**What you should do**
Transcribe nothing except the lines below that run from the one with "Départ du village" to the one with "추위 방지 따뜻한 스트레이트", ends included, and do not copy any picture.

::: Data

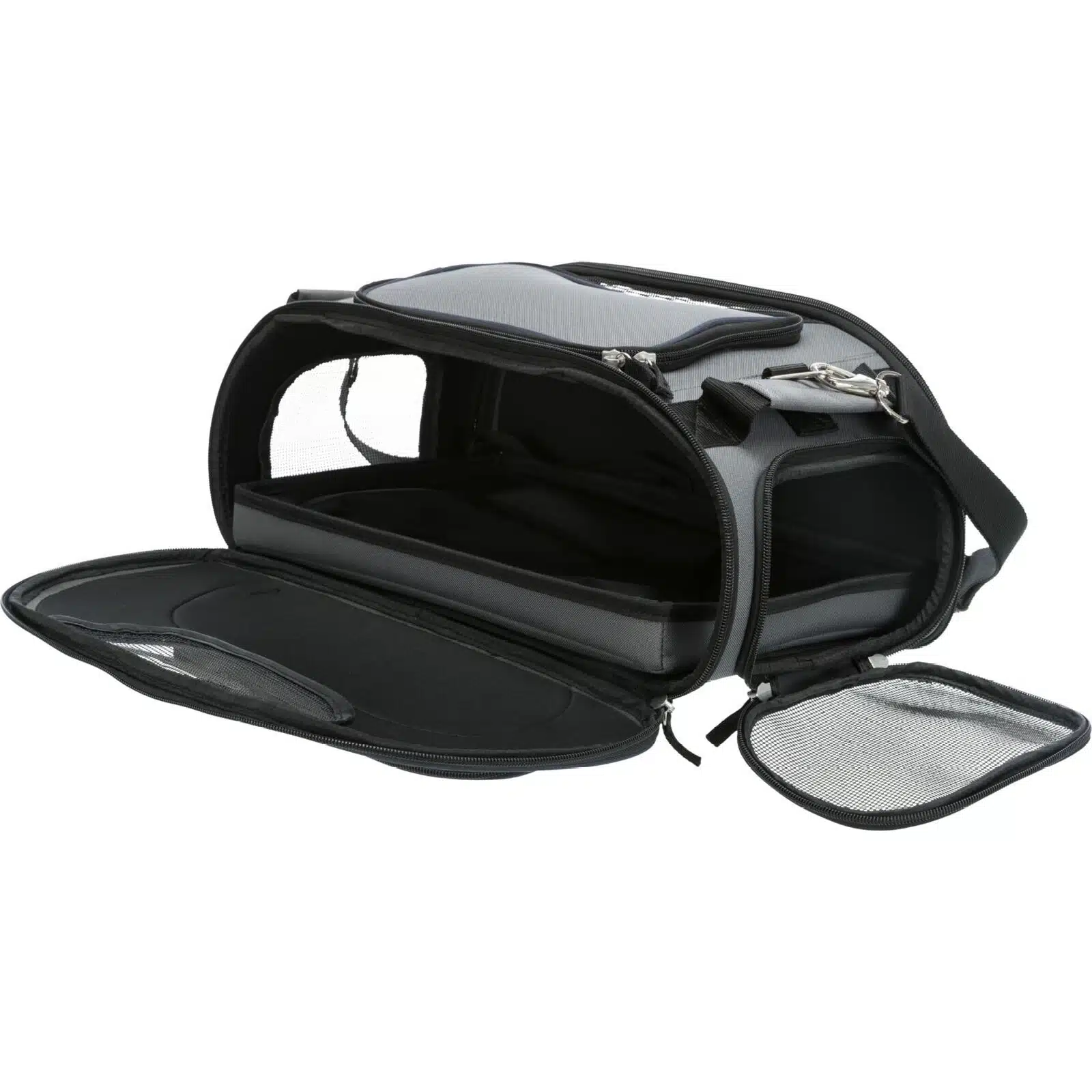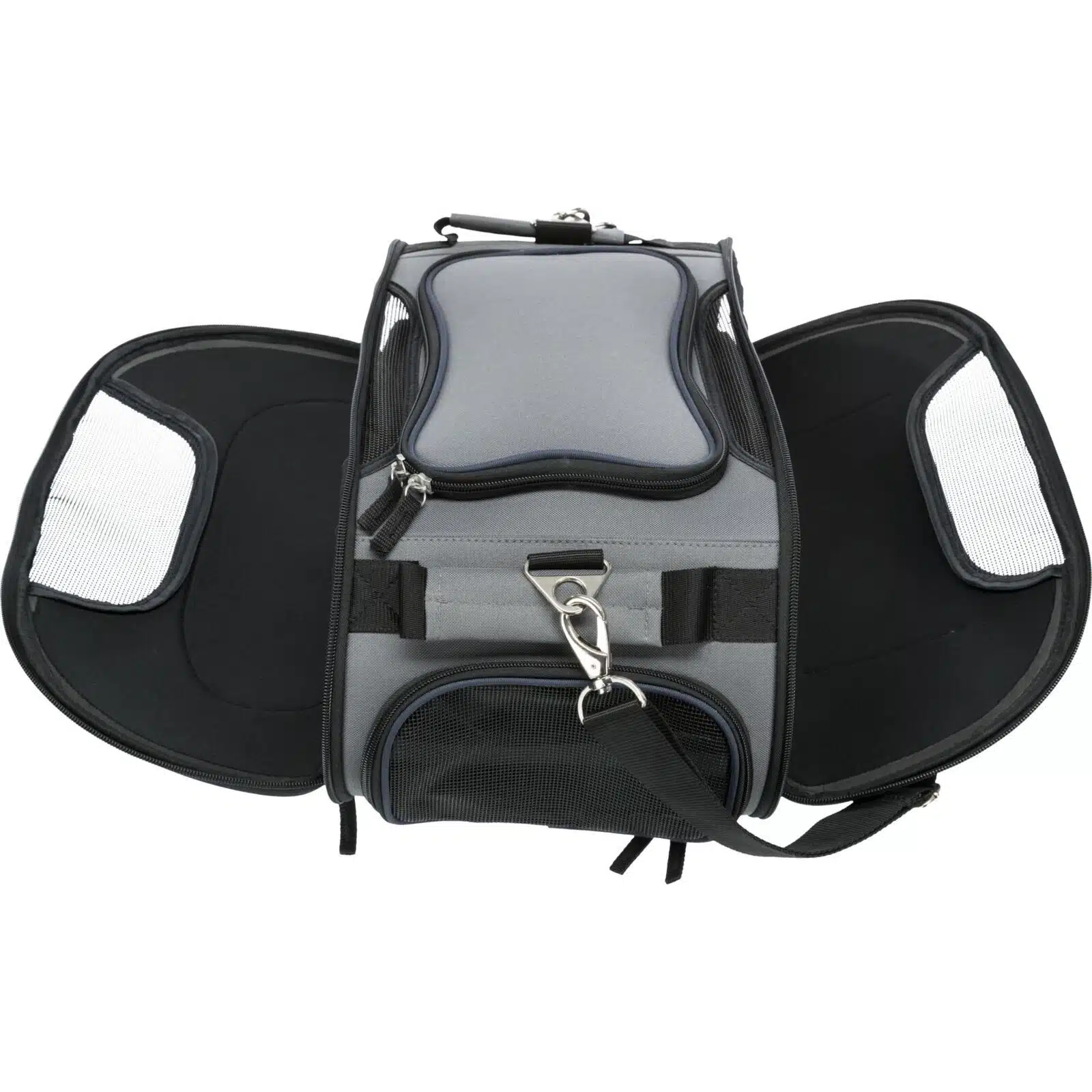 Polstret og vanntett bunnplate: Bunnplaten er både polstret og vanntett, noe som sikrer maksimal komfort for kjæledyret under transport. Den er også avtagbar, noe som gjør rengjøring enkel og praktisk etter reisen.
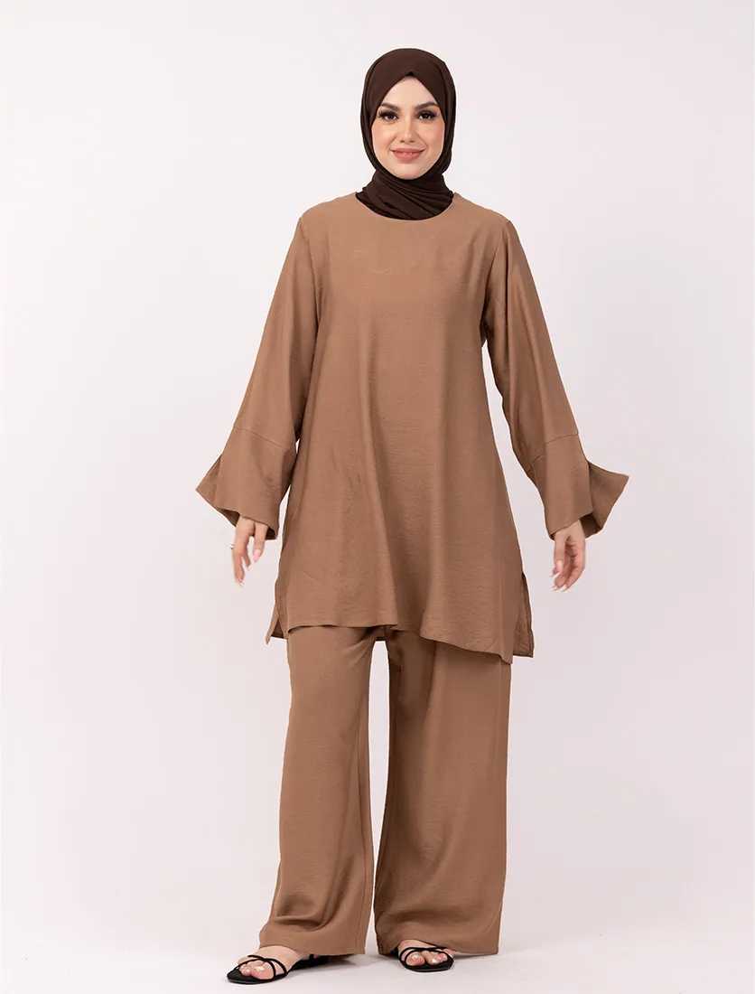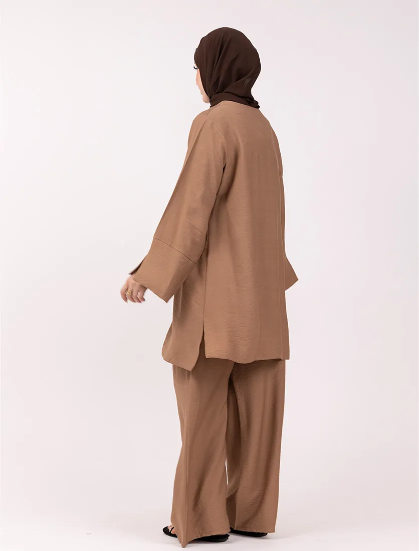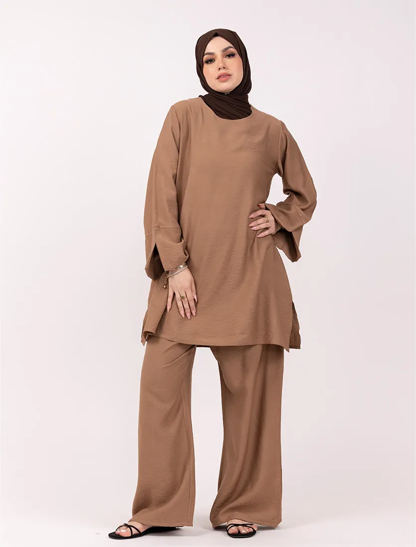 Step into effortless sophistication with this stylish two-piece co-ord set. Crafted from a soft textured fabric, the top features a relaxed fit with subtle split cuff and side slits, offering both comfort and contemporary flair. Paired with wide-leg trousers for a fluid, flattering silhouette, this set is ideal for casual elegance or elevated everyday wear. Wear as a complete look or mix and match for versatile styling.
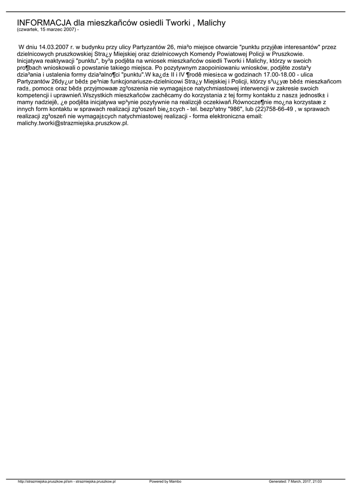 INFORMACJA dla mieszkañców osiedli Tworki , Malichy (czwartek, 15 marzec 2007) - W dniu 14.03.2007 r. w budynku przy ulicy Partyzantów 26, mia³o miejsce otwarcie "punktu przyjêæ interesantów" przez dzielnicowych pruszkowskiej Stra¿y Miejskiej oraz dzielnicowych Komendy Powiatowej Policji w Pruszkowie. Inicjatywa reaktywacji "punktu", by³a podjêta na wniosek mieszkañców osiedli Tworki i Malichy, którzy w swoich pro¶bach wnioskowali o powstanie takiego miejsca. Po pozytywnym zaopoiniowaniu wniosków, podjête zosta³y dzia³ania i ustalenia formy dzia³alno¶ci "punktu".W ka¿d± II i IV ¶rodê miesi±ca w godzinach 17.00-18.00 - ulica Partyzantów 26dy¿ur bêd± pe³niæ funkcjonariusze-dzielnicowi Stra¿y Miejskiej i Policji, którzy s³u¿yæ bêd± mieszkañcom rad±, pomoc± oraz bêd± przyjmowaæ zg³oszenia nie wymagaj±ce natychmiastowej interwencji w zakresie swoich kompetencji i uprawnieñ.Wszystkich mieszkañców zachêcamy do korzystania z tej formy kontaktu z nasz± jednostk± i mamy nadziejê, ¿e podjêta inicjatywa wp³ynie pozytywnie na realizcjê oczekiwañ.Równocze¶nie mo¿na korzystaæ z innych form kontaktu w sprawach realizacji zg³oszeñ bie¿±cych - tel. bezp³atny "986", lub (22)758-66-49 , w sprawach realizacji zg³oszeñ nie wymagaj±cych natychmiastowej realizacji - forma elektroniczna email: [email protected]. http://strazmiejska.pruszkow.pl/sm - strazmiejska.pruszkow.pl Powered by Mambo Generated: 7 March, 2017, 21:03
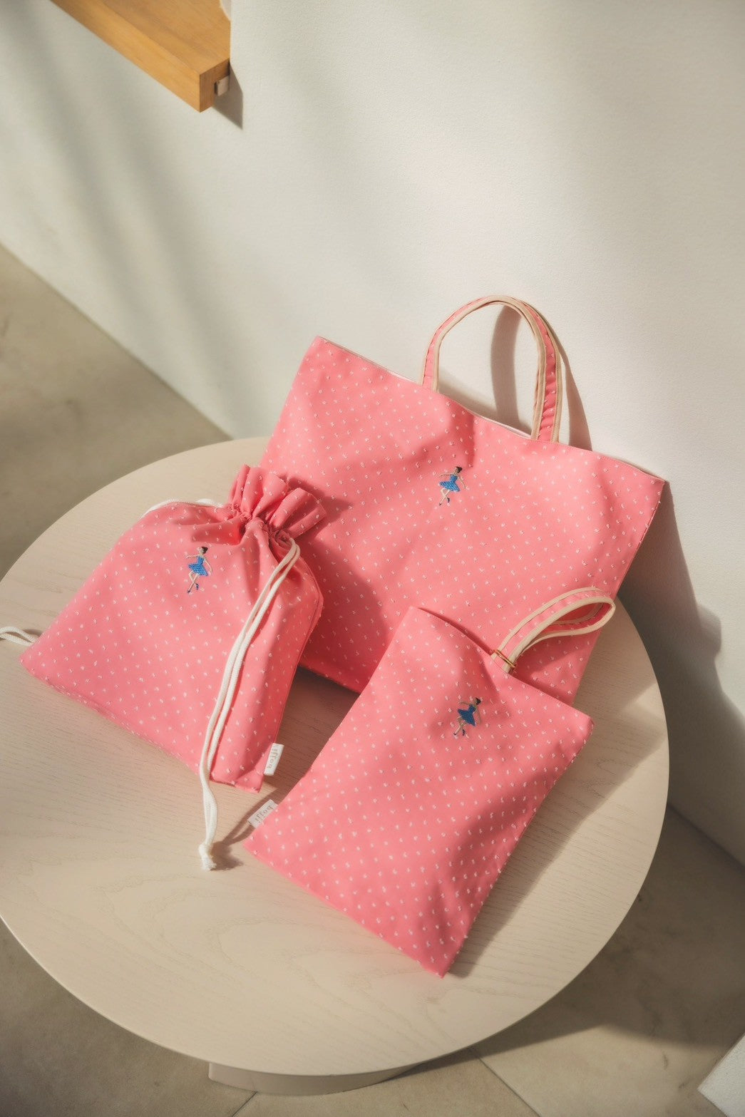 バレリーナ刺繍スクールグッズ3点セット/ストロベリードット
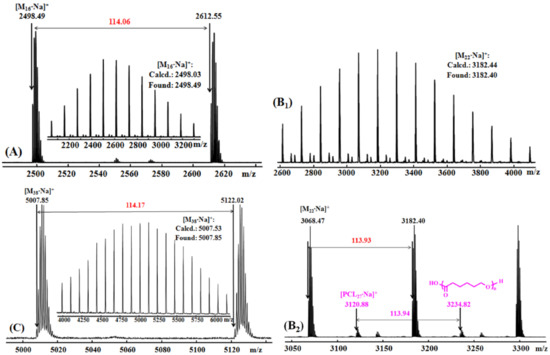 MALDI-TOF MS spectra of (A) VPOSS-PCL-1, (B) VPOSS-PCL-2 (B2 is the enlarged image of B1), and (C) VPOSS-PCL-3.
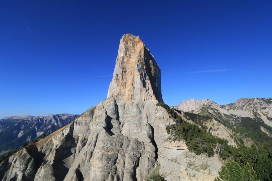 Départ du village pittoresque de Trézanne. Montée dans les forêts automnales dans les contreforts orientaux du Mont Aiguille. Vue impressionnante sur le pilier Est du Mont Aiguille depuis le rocher de Pansaret.
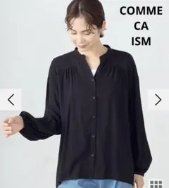 美品【コムサイズム】ユーネックストレッチスパンコールデザイン体型カバーチュニック
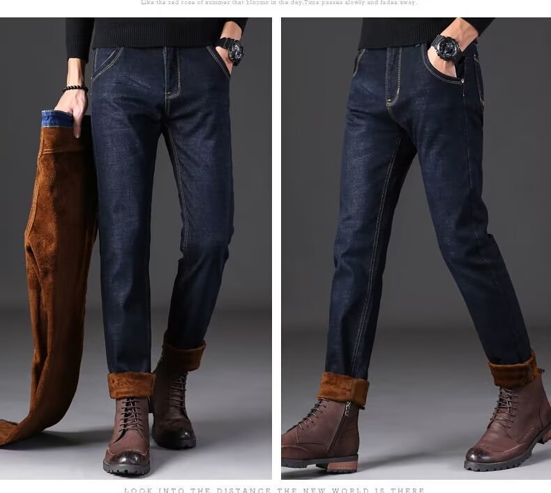 추위 방지 따뜻한 스트레이트 기모 두꺼운 가을과 겨울 스트레치 남성용 청바지 캐주얼 작업 두꺼운 청바지스토어 가기
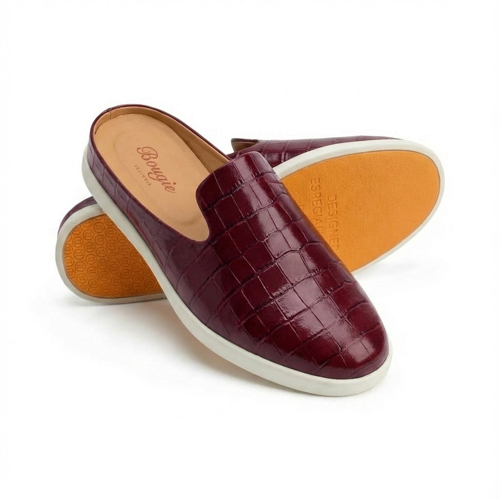 أضف لمسة من الفخامة إلى إطلالتك اليومية مع شبشب Bougies Red Wine المصنوع من جلد التمساح. يجمع هذا التصميم سهل الارتداء بين جزء علوي غني بنقشة جلد التمساح بلون النبيذ الأحمر ونعل أبيض أنيق لإضفاء لمسة عصرية ومريحة. مريح وأنيق وسهل الارتداء، إنه الخيار الأمثل للأيام التي ترغبين فيها بإطلالة أنيقة دون عناء.

::::::

**Response area**
 Départ du village pittoresque de Trézanne. Montée dans les forêts automnales dans les contreforts orientaux du Mont Aiguille. Vue impressionnante sur le pilier Est du Mont Aiguille depuis le rocher de Pansaret.
 美品【コムサイズム】ユーネックストレッチスパンコールデザイン体型カバーチュニック
 추위 방지 따뜻한 스트레이트 기모 두꺼운 가을과 겨울 스트레치 남성용 청바지 캐주얼 작업 두꺼운 청바지스토어 가기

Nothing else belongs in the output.